▶ Your goal
From the line containing "2001, Year of" to the last line of the data below, copy everything exactly and nothing else; pictures stay out.

START Supplied data

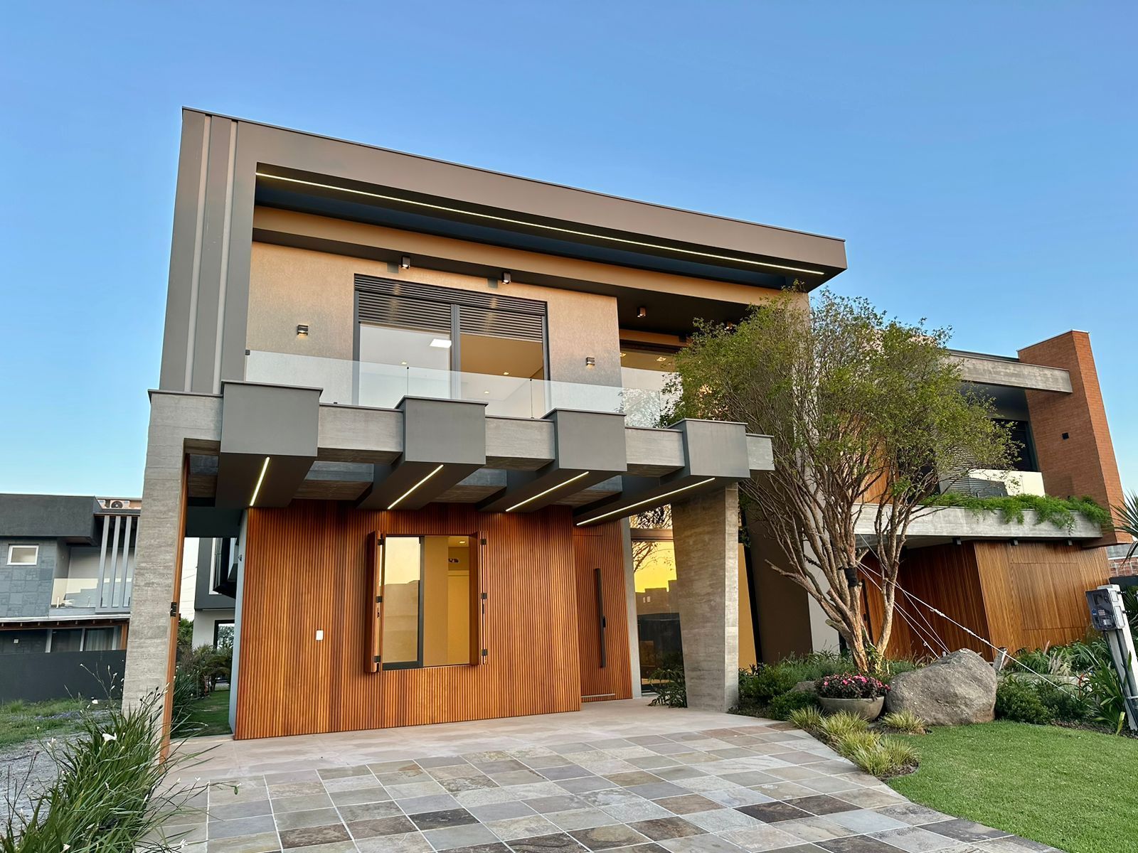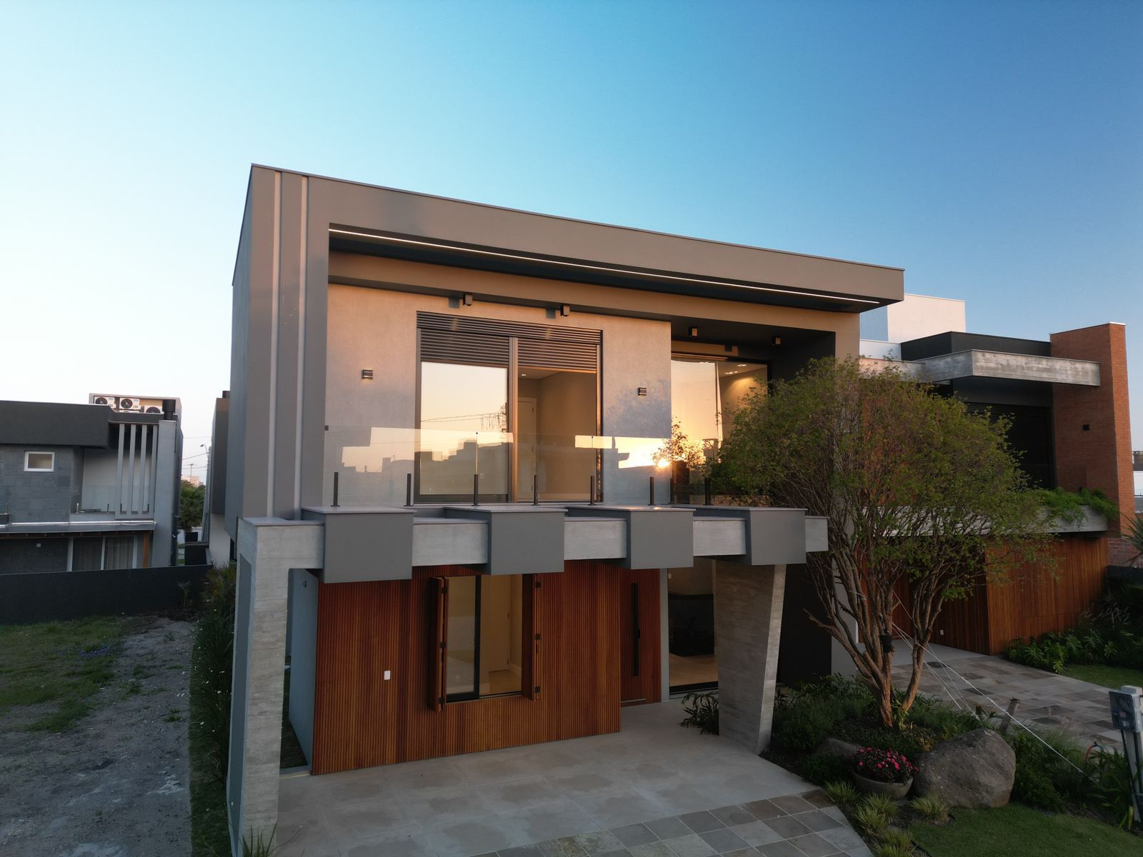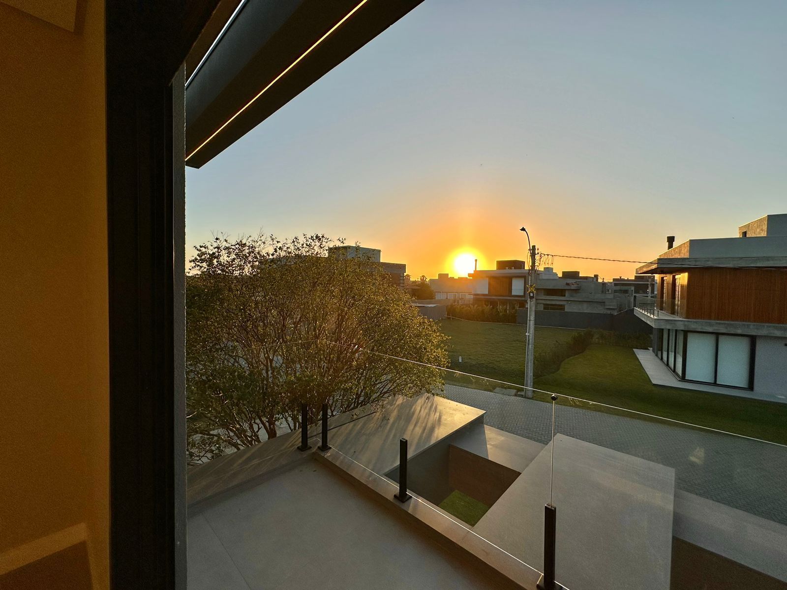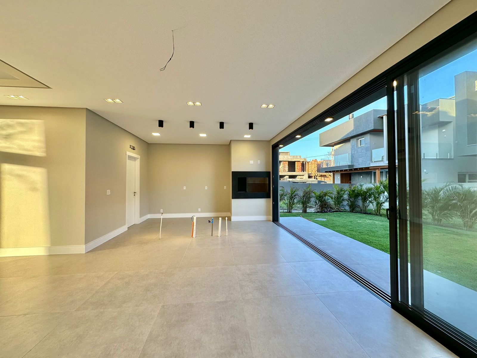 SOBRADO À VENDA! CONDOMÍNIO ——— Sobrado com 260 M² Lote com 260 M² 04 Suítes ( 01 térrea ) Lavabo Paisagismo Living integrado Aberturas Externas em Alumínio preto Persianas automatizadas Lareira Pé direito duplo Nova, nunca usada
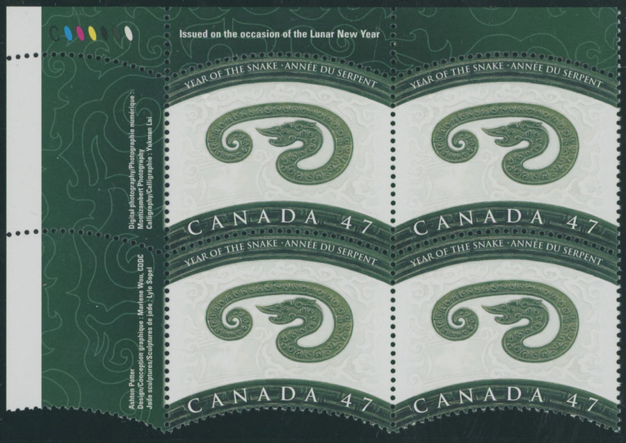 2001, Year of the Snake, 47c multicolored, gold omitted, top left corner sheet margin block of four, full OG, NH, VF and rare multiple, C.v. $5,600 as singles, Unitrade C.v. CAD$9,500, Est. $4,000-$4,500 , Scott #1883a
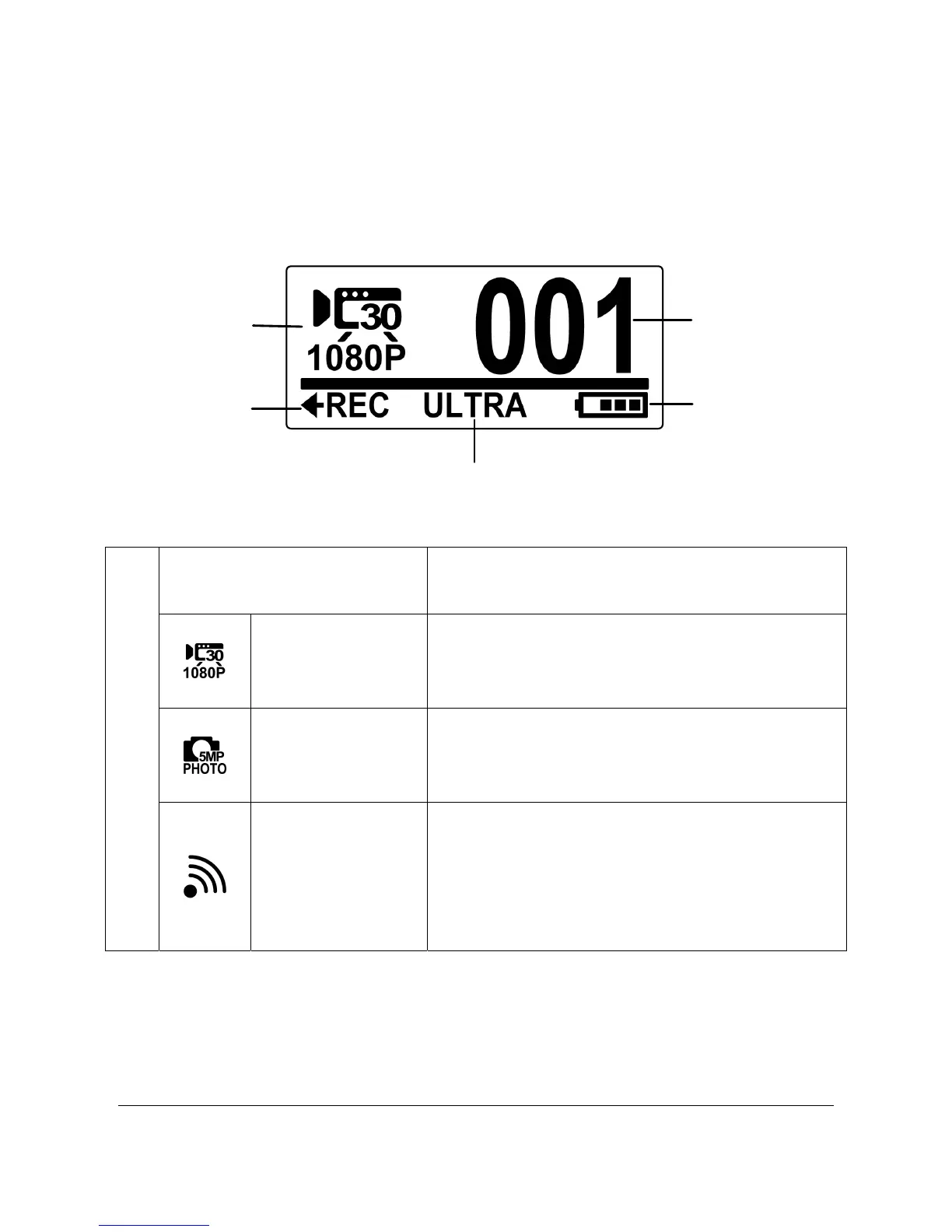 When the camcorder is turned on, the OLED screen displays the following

END Supplied data

▶ Answer for the task
 2001, Year of the Snake, 47c multicolored, gold omitted, top left corner sheet margin block of four, full OG, NH, VF and rare multiple, C.v. $5,600 as singles, Unitrade C.v. CAD$9,500, Est. $4,000-$4,500 , Scott #1883a
 When the camcorder is turned on, the OLED screen displays the following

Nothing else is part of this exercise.